Stored dataset items:
* * * * * * *

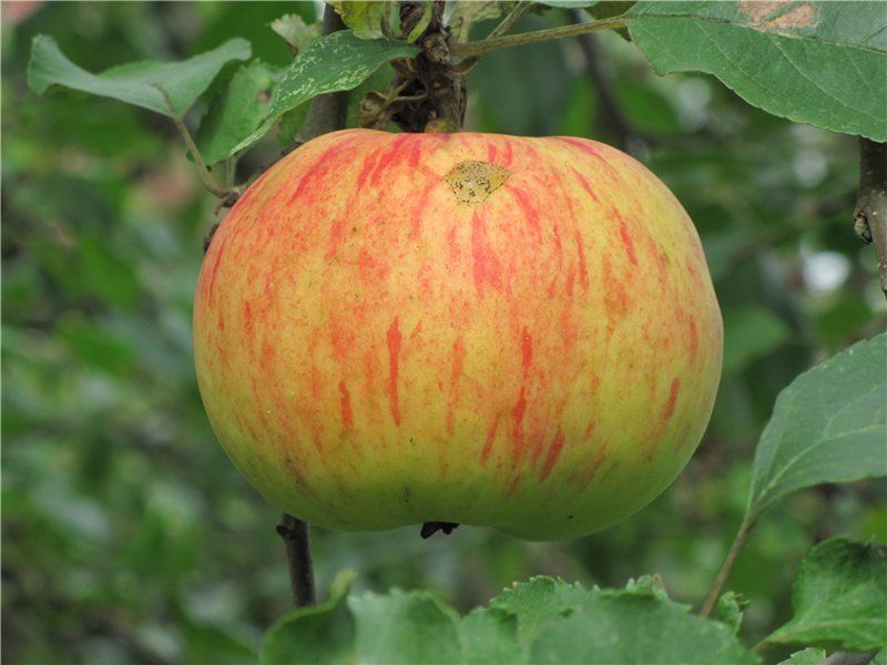 Плоды крупные, массой 130–250 г, округлые, при созревании приобретают зеленовато-желтую основную окраску, с полосатым красным румянцем почти по всей поверхности. Мякоть беловато-желтая, ароматная, десертного, кисло-сладкого вкуса.
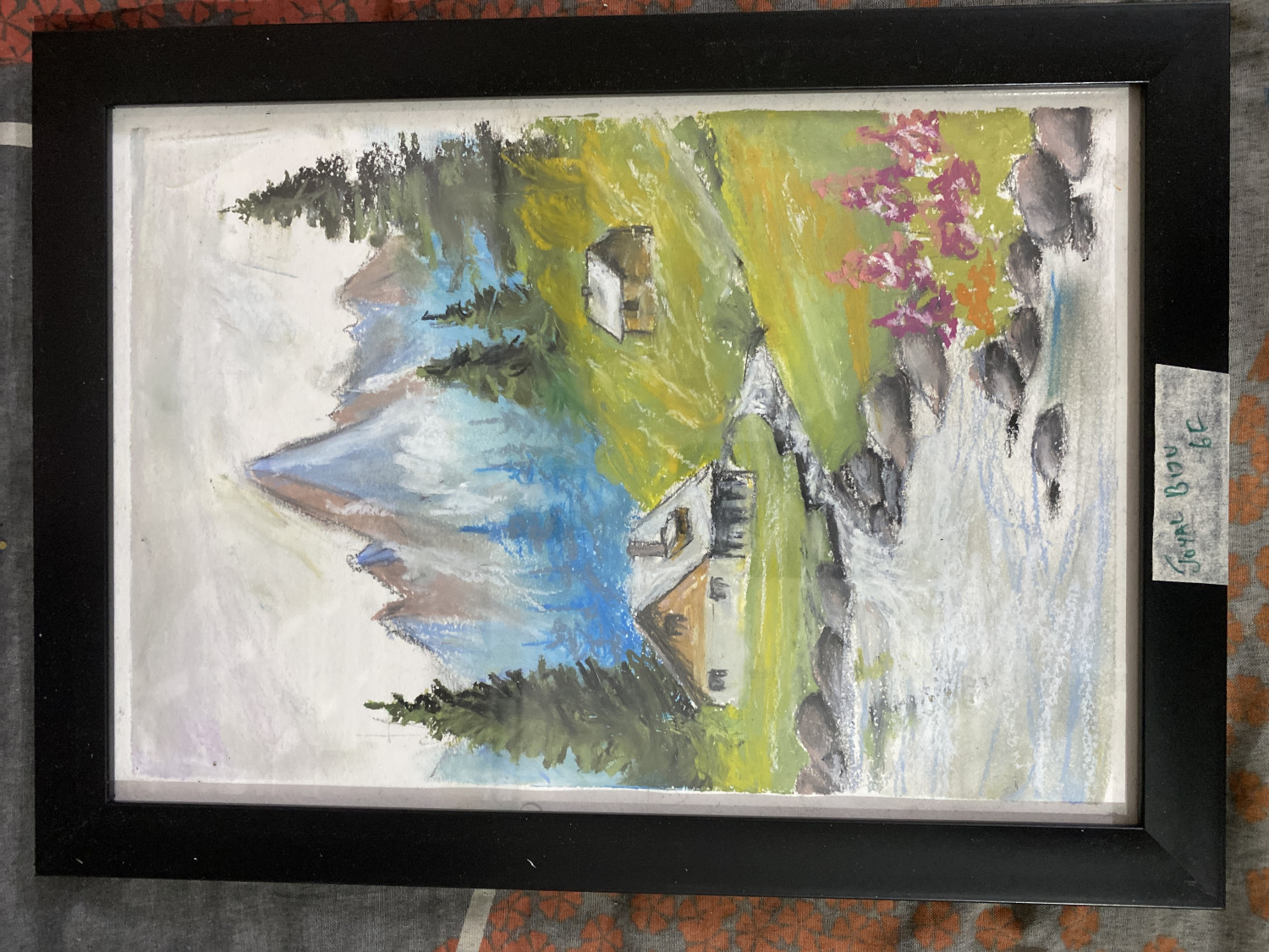 A vibrant landscape capturing the beauty of the natural world. Created using oil pastels, this piece features bold blending techniques and rich colors, showcasing the creativity and developing artistic perspective of the artist during his primary school years.
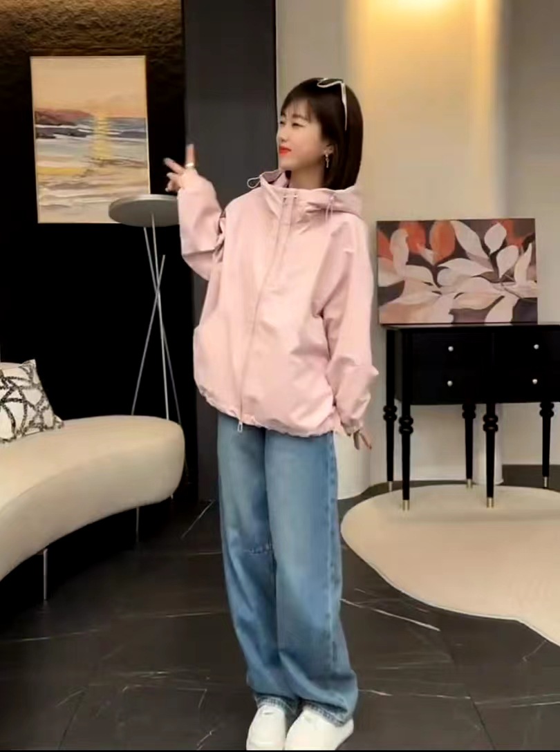 후드 재킷 여자 봄과 가을 새로운 2024 한국 스타일 느슨한 하이 엔드 감각 작은 올 매치 재킷 탑스토어 가기
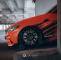 Gleiches gilt für die filigranen Project 3.0-Räder aus der Ultralight Series von Barracuda Racing Wheels. Diese zitieren das Farbschema der Karosserie mit ihren gefrästen und anschließend in Flash-Orange lackierten Speichenkonturen, welche geradezu wie farbige Lichtstrahlen wirken. Dank ihres Fertigungsverfahrens in Flow Forming-Technik bringen die 8,5x20 und 10x20 Zoll messenden Felgen jeweils nur rund 12 Kilogramm auf die Waage. Besohlt wurden die Y-Speichen-Räder mit Continental Sport Contact 6-Gummis der Dimensionen 245/30R20 vorne und 265/30R20 hinten.
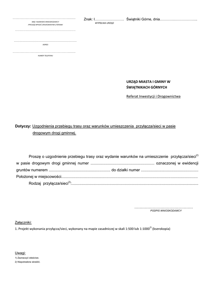 …………………………………………………………............ IMIĘ I NAZWISKO WNIOSKODAWCY /PROSZĘ WPISAĆ DRUKOWANYMI LITERAMI/ Znak: I…………………….. Świątniki Górne, dnia………………………….. WYPEŁNIA URZĄD ……………………………………………………………………. ........................................................................................... ADRES ………………………………….….…………………….......... NUMER TELEFONU URZĄD MIASTA I GMINY W ŚWIĄTNIKACH GÓRNYCH Referat Inwestycji i Drogownictwa Dotyczy: Uzgodnienia przebiegu trasy oraz warunków umieszczenia przyłącza/sieci w pasie drogowym drogi gminnej. Proszę o uzgodnienie przebiegu trasy oraz wydanie warunków na umieszczenie przyłącza/sieci2) w pasie drogowym drogi gminnej numer ........................................................... oznaczonej w ewidencji gruntów numerem ......................................................... do działki numer ..................................................... Położonej w miejscowości.............................................................................................................................. Rodzaj przyłącza/sieci2):..................................................................................................................... ……………………………………… PODPIS WNIOSKODAWCY Załączniki: 2) 1. Projekt wykonania przyłącza/sieci, wykonany na mapie zasadniczej w skali 1:500 lub 1:1000 (kserokopia) Uwagi: 1) Zaznaczyć właściwe. 2) Niepotrzebne skreślić.
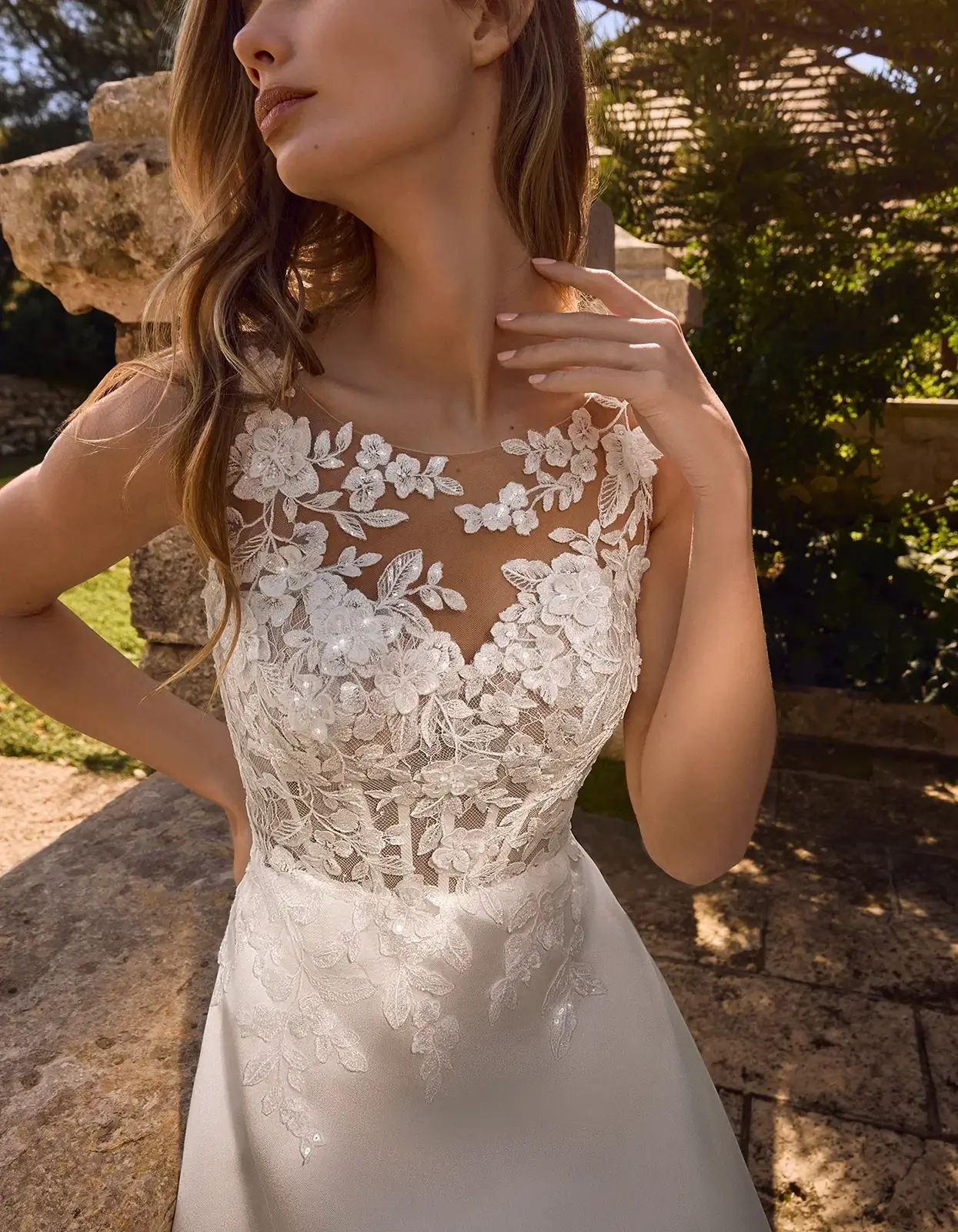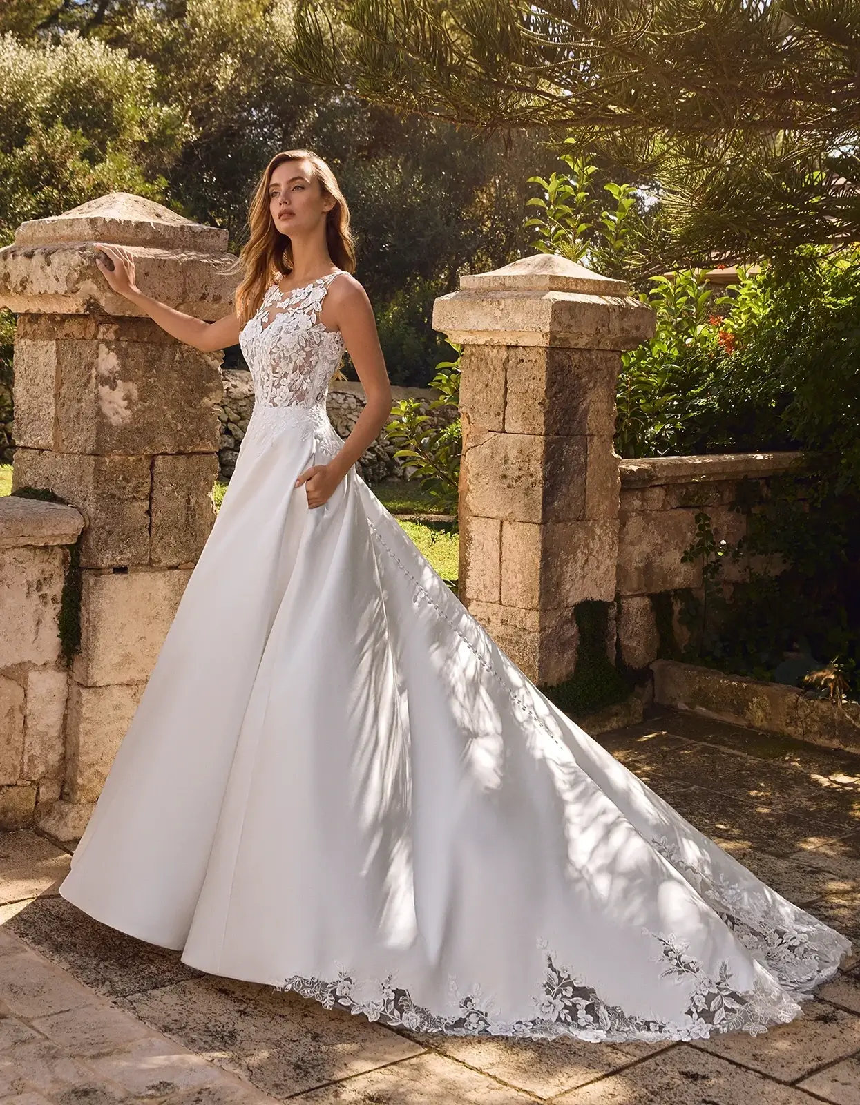 Vestido de línea A de estilo clásico que combina un cuerpo corsé con escote barco, confeccionado con delicadas aplicaciones de encaje sobre una falda de mikado.

* * * * * * *

TASK: Write the records out again in full, exactly, and skip every picture.

EXERCISE RESPONSE:
 Плоды крупные, массой 130–250 г, округлые, при созревании приобретают зеленовато-желтую основную окраску, с полосатым красным румянцем почти по всей поверхности. Мякоть беловато-желтая, ароматная, десертного, кисло-сладкого вкуса.
 A vibrant landscape capturing the beauty of the natural world. Created using oil pastels, this piece features bold blending techniques and rich colors, showcasing the creativity and developing artistic perspective of the artist during his primary school years.
 후드 재킷 여자 봄과 가을 새로운 2024 한국 스타일 느슨한 하이 엔드 감각 작은 올 매치 재킷 탑스토어 가기
 Gleiches gilt für die filigranen Project 3.0-Räder aus der Ultralight Series von Barracuda Racing Wheels. Diese zitieren das Farbschema der Karosserie mit ihren gefrästen und anschließend in Flash-Orange lackierten Speichenkonturen, welche geradezu wie farbige Lichtstrahlen wirken. Dank ihres Fertigungsverfahrens in Flow Forming-Technik bringen die 8,5x20 und 10x20 Zoll messenden Felgen jeweils nur rund 12 Kilogramm auf die Waage. Besohlt wurden die Y-Speichen-Räder mit Continental Sport Contact 6-Gummis der Dimensionen 245/30R20 vorne und 265/30R20 hinten.
 …………………………………………………………............ IMIĘ I NAZWISKO WNIOSKODAWCY /PROSZĘ WPISAĆ DRUKOWANYMI LITERAMI/ Znak: I…………………….. Świątniki Górne, dnia………………………….. WYPEŁNIA URZĄD ……………………………………………………………………. ........................................................................................... ADRES ………………………………….….…………………….......... NUMER TELEFONU URZĄD MIASTA I GMINY W ŚWIĄTNIKACH GÓRNYCH Referat Inwestycji i Drogownictwa Dotyczy: Uzgodnienia przebiegu trasy oraz warunków umieszczenia przyłącza/sieci w pasie drogowym drogi gminnej. Proszę o uzgodnienie przebiegu trasy oraz wydanie warunków na umieszczenie przyłącza/sieci2) w pasie drogowym drogi gminnej numer ........................................................... oznaczonej w ewidencji gruntów numerem ......................................................... do działki numer ..................................................... Położonej w miejscowości.............................................................................................................................. Rodzaj przyłącza/sieci2):..................................................................................................................... ……………………………………… PODPIS WNIOSKODAWCY Załączniki: 2) 1. Projekt wykonania przyłącza/sieci, wykonany na mapie zasadniczej w skali 1:500 lub 1:1000 (kserokopia) Uwagi: 1) Zaznaczyć właściwe. 2) Niepotrzebne skreślić.
 Vestido de línea A de estilo clásico que combina un cuerpo corsé con escote barco, confeccionado con delicadas aplicaciones de encaje sobre una falda de mikado.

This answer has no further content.